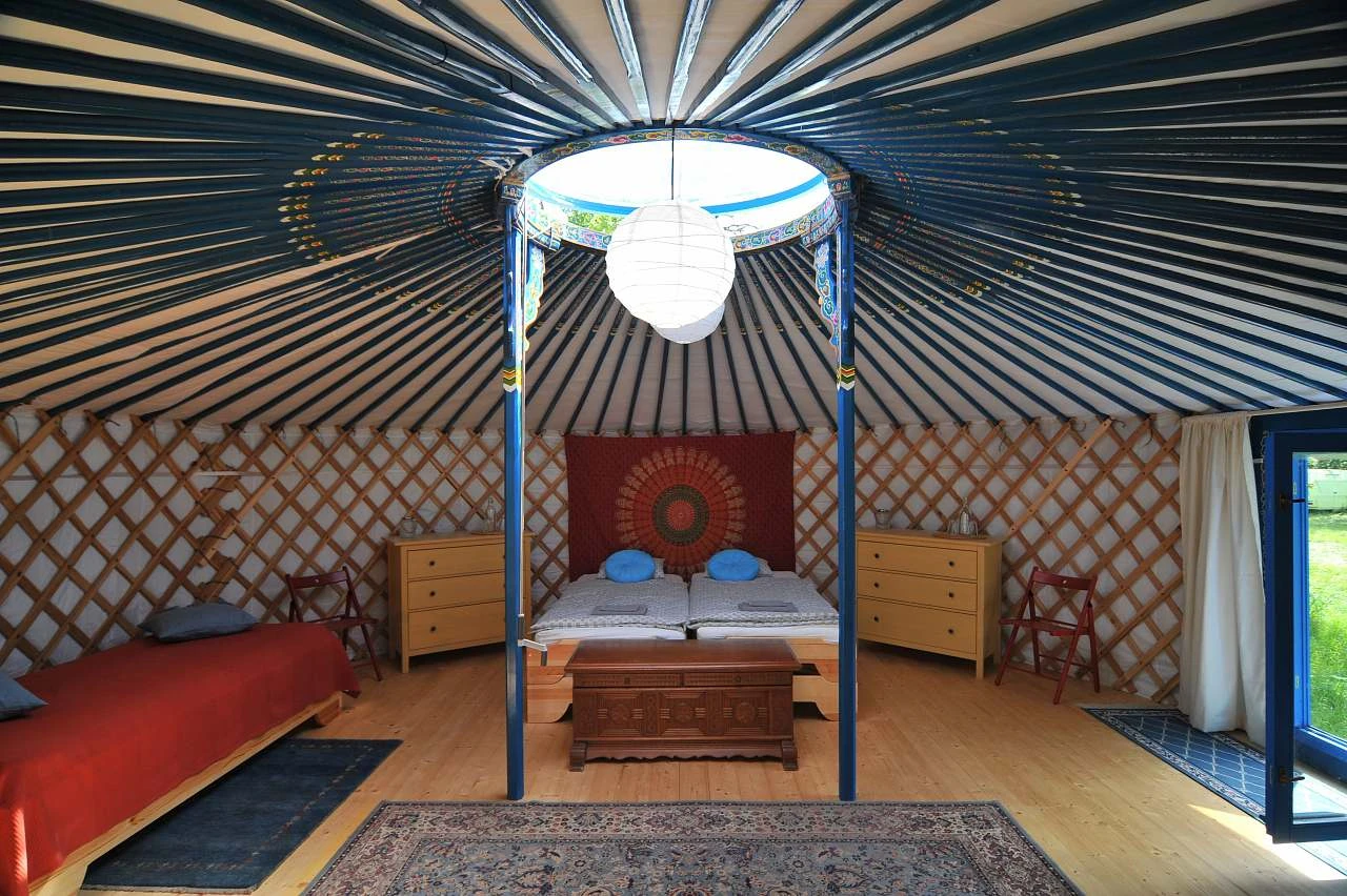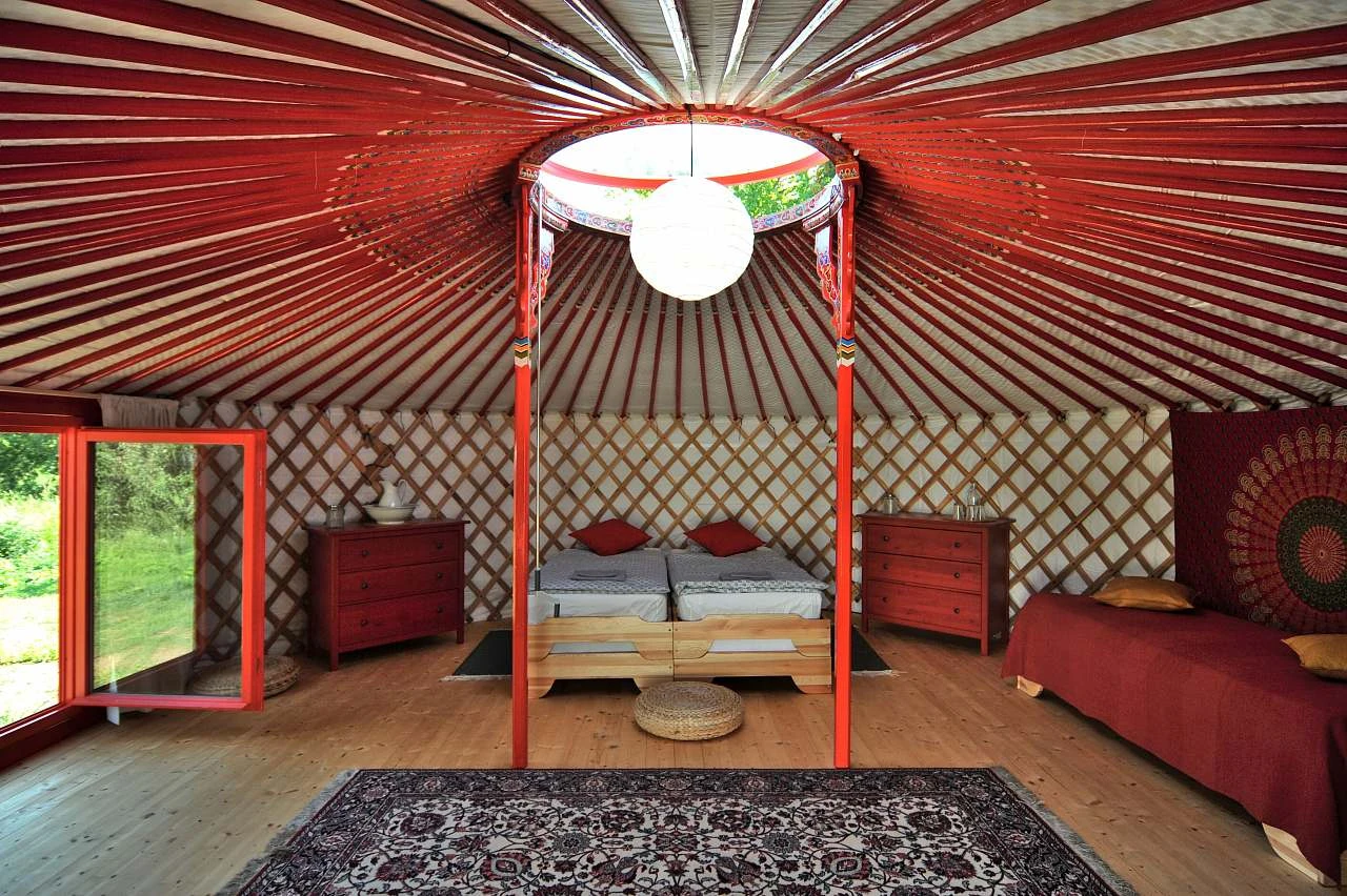 Nabízíme čtyři malované jurty v různých barvách (červená, zelená, modrá, oranžová), které pojmou 2 až 6 osob. Každá jurta má průměr 7 metrů a rozlohu přibližně 38 m², včetně vlastní dřevěné terasy. Navíc je k dispozici královská jurta s průměrem 9 metrů a celkovou plochou 66 m², která slouží jako zázemí Lesního klubu a je možné ji pronajímat od pátku do neděle, stejně jako během školních prázdnin.
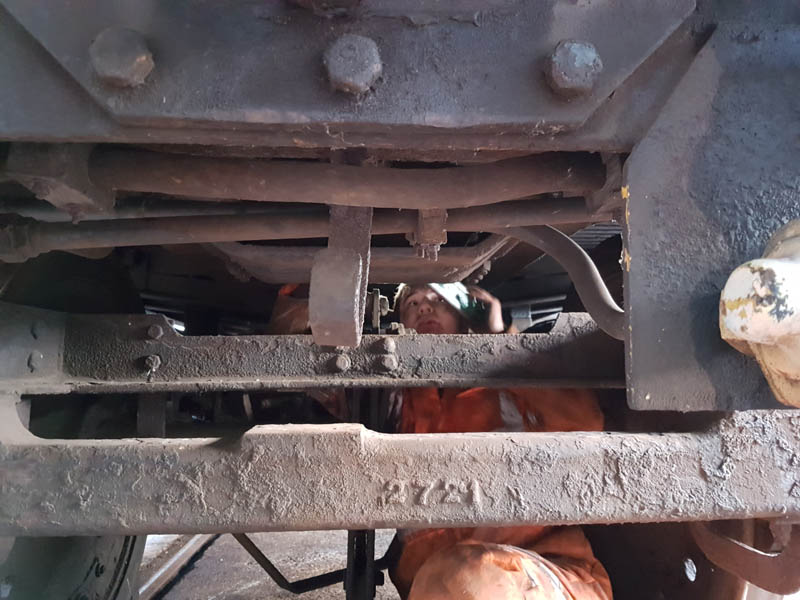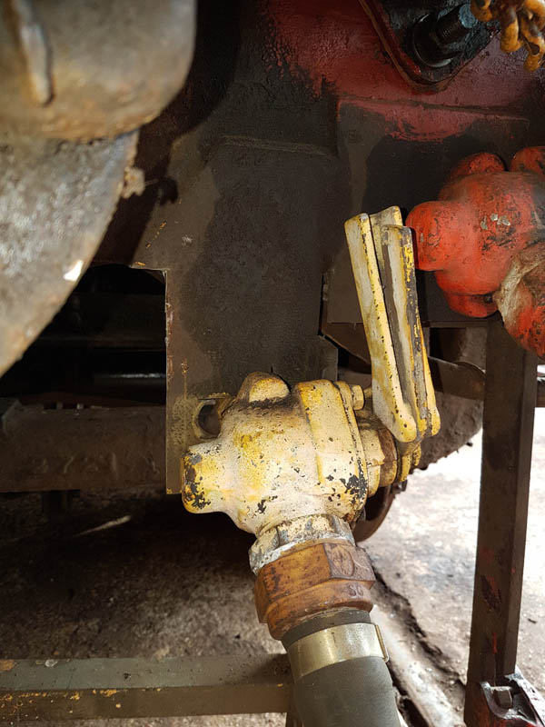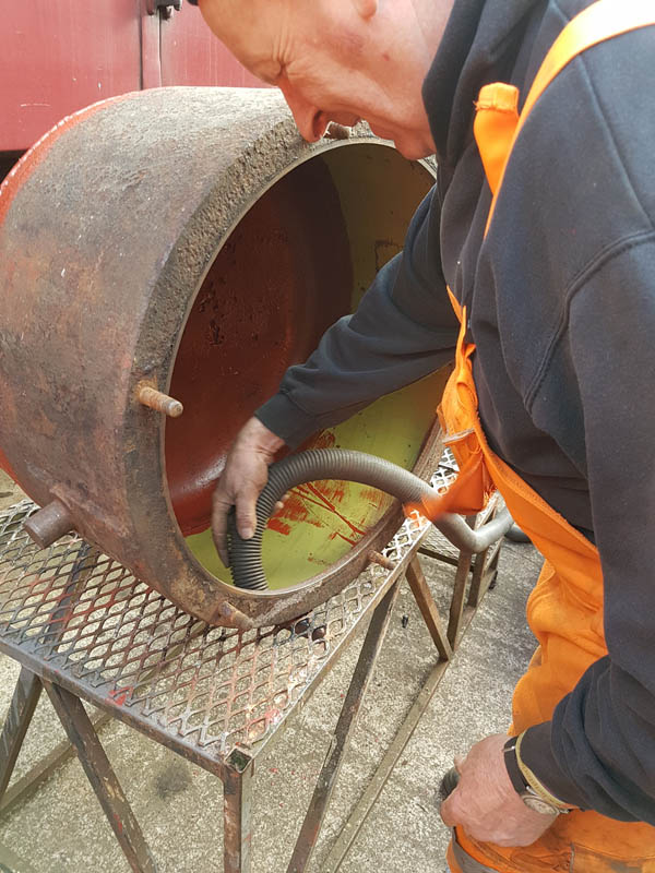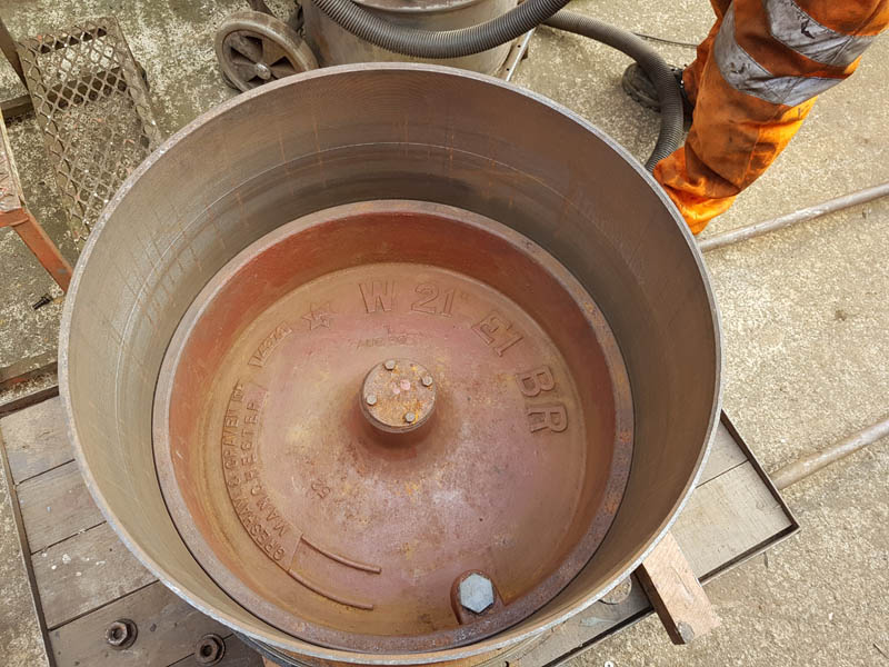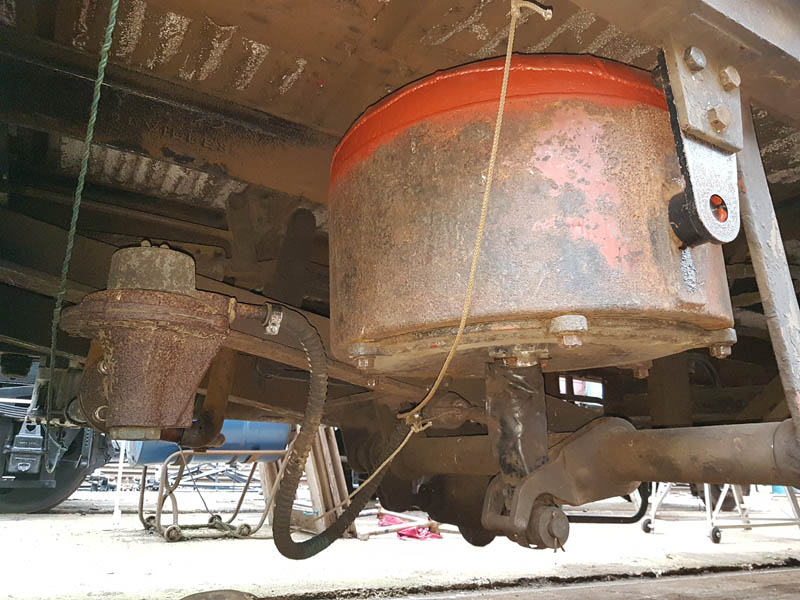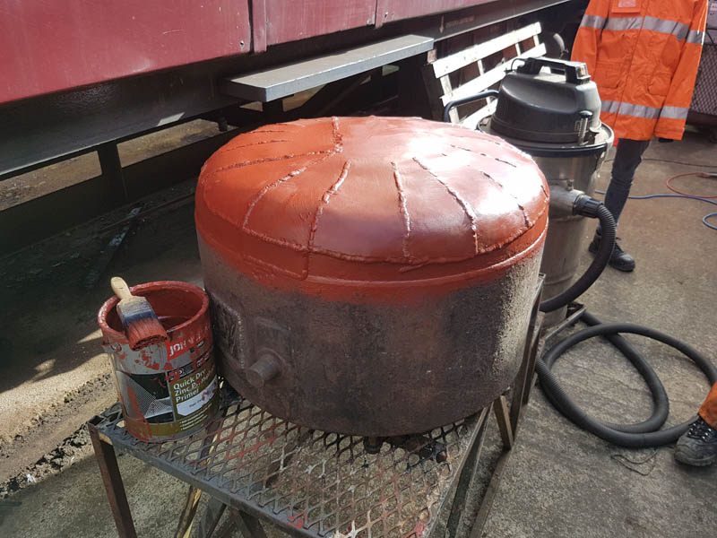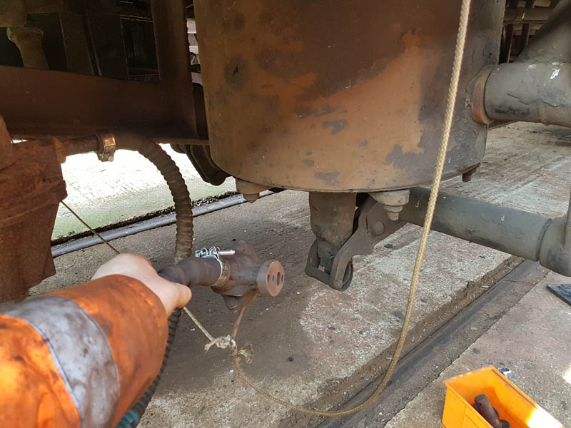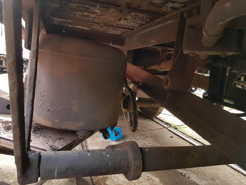 Once the east side was in undercoat, we manhandled the vehicle round to the turntable for a quick spin, this served two purposes, to make the job of spraying the former westside easier and to allow access to the vacuum cylinder location as we will be reinstating the vacuum brake which was removed when the vehicle was sold out of BR ownership around 1964.
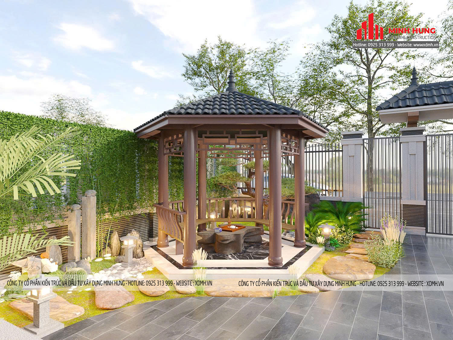 Một chòi nghỉ nhỏ trong sân là nơi dừng lại chậm rãi – uống trà, ngồi yên, hay đơn giản là ngắm nắng gió đi qua. Không cần quá nhiều chi tiết, chính sự giản dị ấy lại mang đến cảm giác đủ đầy và an nhiên cho cuộc sống hàng ngày.
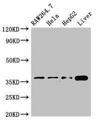 Positive WB detected in: RAW264.7 whole cell lysate, Hela whole cell lysate, HepG2 whole cell lysate, Mouse liver tissue
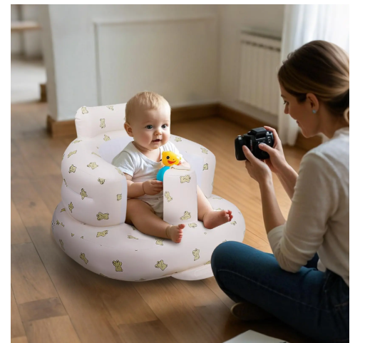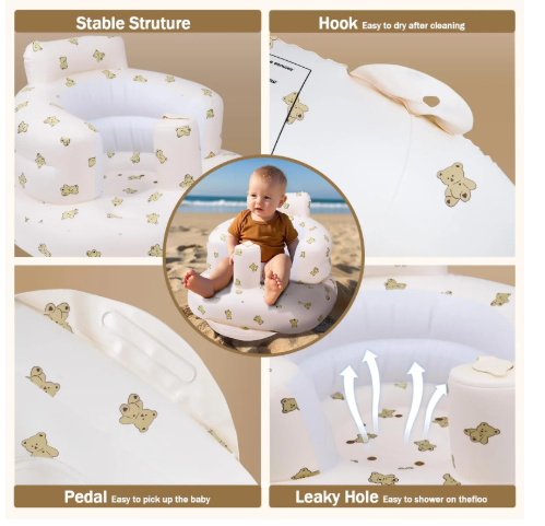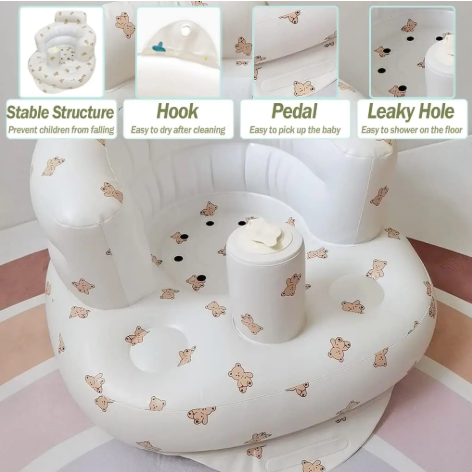 This baby seat is amazing! So easy to pump up and it stays in inflated. Super easy to deflate if you need to. Love this when she is trying to sit up. Keeps her in safely and easy to take outside to sit in and when we started doing foods, when she was a little too small for the highchair. So easy to clean when it gets dirty
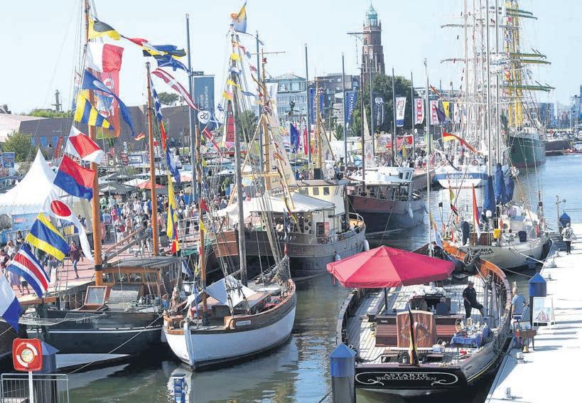 Dazu gehört auch die „Schulschiff Deutschland“ als letztes deutsches DreimastVollschiff mit Dauerliegeplatz im Neuen Hafen – gebaut 1927 in Bremerhaven. Während der 121 Jahre alte Finkenwerder Kutter „Astarte“ der Schiffergilde Bremerhaven für deutschen Hochsee-Holzschiffbau steht, bringen der 52 Meter lange Dreimaster „Gulden Leeuw“ und der Kogge-Nachbau aus dem niederländischen Kampen weiteres internationales Flair zu den Maritimen Tagen. Dazu kommen viele
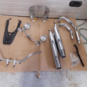 Pyörän mukana tulee ISO pahvilaatikollinen tarvikkeita, mm:

WHAT IS BEING ASKED: Quote every record above exactly, omitting any pictures they contain.

OUTPUT FOR THIS EXERCISE:
 Nabízíme čtyři malované jurty v různých barvách (červená, zelená, modrá, oranžová), které pojmou 2 až 6 osob. Každá jurta má průměr 7 metrů a rozlohu přibližně 38 m², včetně vlastní dřevěné terasy. Navíc je k dispozici královská jurta s průměrem 9 metrů a celkovou plochou 66 m², která slouží jako zázemí Lesního klubu a je možné ji pronajímat od pátku do neděle, stejně jako během školních prázdnin.
 Once the east side was in undercoat, we manhandled the vehicle round to the turntable for a quick spin, this served two purposes, to make the job of spraying the former westside easier and to allow access to the vacuum cylinder location as we will be reinstating the vacuum brake which was removed when the vehicle was sold out of BR ownership around 1964.
 Một chòi nghỉ nhỏ trong sân là nơi dừng lại chậm rãi – uống trà, ngồi yên, hay đơn giản là ngắm nắng gió đi qua. Không cần quá nhiều chi tiết, chính sự giản dị ấy lại mang đến cảm giác đủ đầy và an nhiên cho cuộc sống hàng ngày.
 Positive WB detected in: RAW264.7 whole cell lysate, Hela whole cell lysate, HepG2 whole cell lysate, Mouse liver tissue
 This baby seat is amazing! So easy to pump up and it stays in inflated. Super easy to deflate if you need to. Love this when she is trying to sit up. Keeps her in safely and easy to take outside to sit in and when we started doing foods, when she was a little too small for the highchair. So easy to clean when it gets dirty
 Dazu gehört auch die „Schulschiff Deutschland“ als letztes deutsches DreimastVollschiff mit Dauerliegeplatz im Neuen Hafen – gebaut 1927 in Bremerhaven. Während der 121 Jahre alte Finkenwerder Kutter „Astarte“ der Schiffergilde Bremerhaven für deutschen Hochsee-Holzschiffbau steht, bringen der 52 Meter lange Dreimaster „Gulden Leeuw“ und der Kogge-Nachbau aus dem niederländischen Kampen weiteres internationales Flair zu den Maritimen Tagen. Dazu kommen viele
 Pyörän mukana tulee ISO pahvilaatikollinen tarvikkeita, mm:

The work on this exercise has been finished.